Marriage and the end of the world… the classic combination. While this thought may create some light-hearted jokes among spouses, our readings today take this connection very seriously. As beautiful as marriage is, it’s more of a “coming attraction” preview of not just the end of this world, but the beginning of life in the new world to come.
In today’s Gospel, Jesus says that, in heaven, people “neither marry nor are given in marriage.” If marriage is a holy sacrament, why is there no marriage in heaven? Well, there is. Now, I’m not contradicting Jesus here. In heaven there is marriage, but there’s just one marriage. All of us will be “married” to God. As intimate as the connection is between husband and wife on earth, this is only a sign of the intimacy that we will have with God in heaven.
God wants to marry us. That’s the story of the entire Bible in a nutshell. In this world, our love is limited. But in heaven, our love with be perfected. It’s not that we won’t know our earthly spouse(s) in heaven; it’s just that we will be able to know and love everyone who ever lived. This thought was far from the mind of those questioning Jesus in the Gospel and I fear that it is often far from our minds as well.
If we know that we are meant to live forever in marital intimacy with God and all our brothers and sisters, then we ought to ask ourselves how we’re doing right now with these relationships. Maybe your relationship with God needs a second honeymoon right now. Marriage takes effort on our part. Scripture refers to the end of the world as “the consummation of the ages.” If you understand that we are made for marriage with God, then death and the end of this world is indeed “a consummation devoutly to be wished.”
1 comment
If God created paradise with humanity ordered in pairs, then paradise restored must also include this fundamental unit.
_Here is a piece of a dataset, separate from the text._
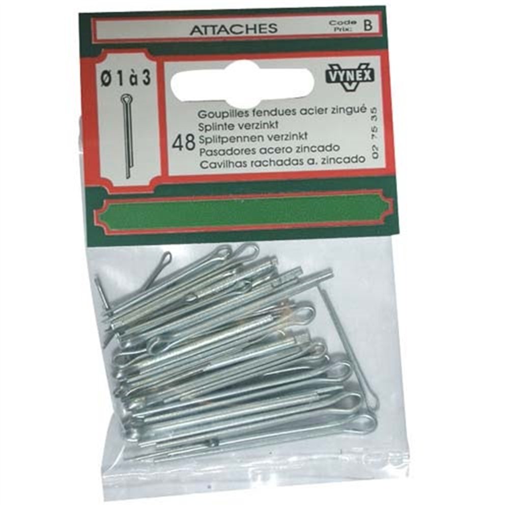 Chaque goupille est fabriquée en acier zingué, lui conférant une bonne résistance à la rouille et à l'usure. Ce lot de 48 pièces regroupe plusieurs diamètres allant de 1 mm au 3 mm maximum, ce qui en fait une solution complète pour faire face à différentes configurations mécaniques. Leur conception fendue leur permet de résister efficacement aux efforts latéraux, assurant le maintien en position de l'axe qu'elles verrouillent.

A female for a male, and a male for a female. All created in the image and likeness of God.
Marriage of Christ and the church doesn’t have to *replace* marriage of husband and wife, and the individual marriage can be a place where the higher marriage can be experienced. I think the fact that Jesus Himself cited Adam and Eve as the model for human marriage (“Moses, because of the hardness of your hearts, permitted you to divorce your wives, but from the beginning it was not so”) indicates that He was upholding it as a model.
The “marriage” that the Sadducees were talking about in their question, and that Jesus referred to in his reply, is not “marriage” as we understand that relationship today. Levirate marriage is unlike regular marriage, for it only exists because of death. It is not that sexual differentiation and and sexual intercourse do not exist in the world of God. If any individuals should mutually decide to pursue a partnership throughout eternity, I see no reason to think that this would not be allowed.